[About this task]:
Nothing but the lines from the one containing "愛さん コロナ禍になってから" through the one containing "Bila sva dva", both included, should be given again, each exactly as written below.

[Excerpted data]:
_ _ _ _ _ _ _
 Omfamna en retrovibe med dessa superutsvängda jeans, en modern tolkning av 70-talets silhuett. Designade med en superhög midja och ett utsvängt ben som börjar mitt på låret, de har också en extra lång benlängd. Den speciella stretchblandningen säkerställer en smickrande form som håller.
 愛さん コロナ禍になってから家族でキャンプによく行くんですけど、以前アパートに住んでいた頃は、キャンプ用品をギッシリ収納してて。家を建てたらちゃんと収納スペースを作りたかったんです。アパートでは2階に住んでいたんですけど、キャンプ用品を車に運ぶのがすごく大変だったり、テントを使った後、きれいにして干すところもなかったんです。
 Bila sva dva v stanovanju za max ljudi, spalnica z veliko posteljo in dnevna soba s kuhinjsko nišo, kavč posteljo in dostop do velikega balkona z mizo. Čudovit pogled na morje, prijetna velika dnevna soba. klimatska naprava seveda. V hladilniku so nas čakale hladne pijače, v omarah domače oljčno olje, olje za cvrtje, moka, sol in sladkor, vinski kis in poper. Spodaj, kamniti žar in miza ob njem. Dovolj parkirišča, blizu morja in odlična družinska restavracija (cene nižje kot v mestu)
_ _ _ _ _ _ _
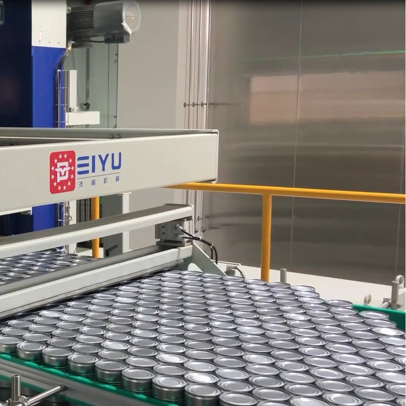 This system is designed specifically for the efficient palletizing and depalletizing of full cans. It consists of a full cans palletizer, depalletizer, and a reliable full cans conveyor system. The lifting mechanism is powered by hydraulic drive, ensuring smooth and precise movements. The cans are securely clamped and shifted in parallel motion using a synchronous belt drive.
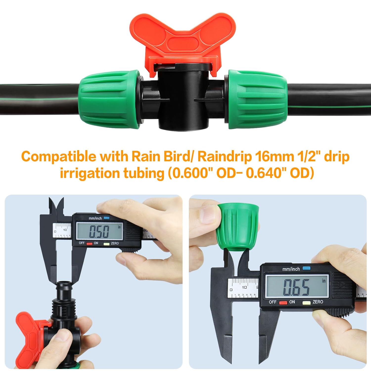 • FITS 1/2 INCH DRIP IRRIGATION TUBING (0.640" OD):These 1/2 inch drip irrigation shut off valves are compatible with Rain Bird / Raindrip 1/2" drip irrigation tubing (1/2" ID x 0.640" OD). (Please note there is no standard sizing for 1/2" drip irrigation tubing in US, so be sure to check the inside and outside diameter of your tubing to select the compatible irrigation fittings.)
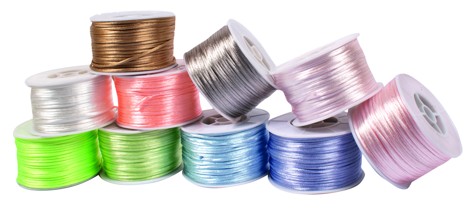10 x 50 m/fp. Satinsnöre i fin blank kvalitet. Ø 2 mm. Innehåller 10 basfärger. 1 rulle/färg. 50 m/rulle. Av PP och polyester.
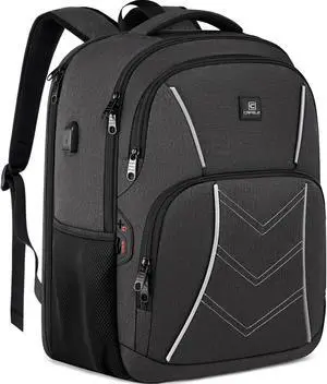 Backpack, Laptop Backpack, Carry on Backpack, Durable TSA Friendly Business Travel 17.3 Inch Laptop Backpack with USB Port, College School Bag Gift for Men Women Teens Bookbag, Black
_ _ _ _ _ _ _
[Answer for the task]:
 愛さん コロナ禍になってから家族でキャンプによく行くんですけど、以前アパートに住んでいた頃は、キャンプ用品をギッシリ収納してて。家を建てたらちゃんと収納スペースを作りたかったんです。アパートでは2階に住んでいたんですけど、キャンプ用品を車に運ぶのがすごく大変だったり、テントを使った後、きれいにして干すところもなかったんです。
 Bila sva dva v stanovanju za max ljudi, spalnica z veliko posteljo in dnevna soba s kuhinjsko nišo, kavč posteljo in dostop do velikega balkona z mizo. Čudovit pogled na morje, prijetna velika dnevna soba. klimatska naprava seveda. V hladilniku so nas čakale hladne pijače, v omarah domače oljčno olje, olje za cvrtje, moka, sol in sladkor, vinski kis in poper. Spodaj, kamniti žar in miza ob njem. Dovolj parkirišča, blizu morja in odlična družinska restavracija (cene nižje kot v mestu)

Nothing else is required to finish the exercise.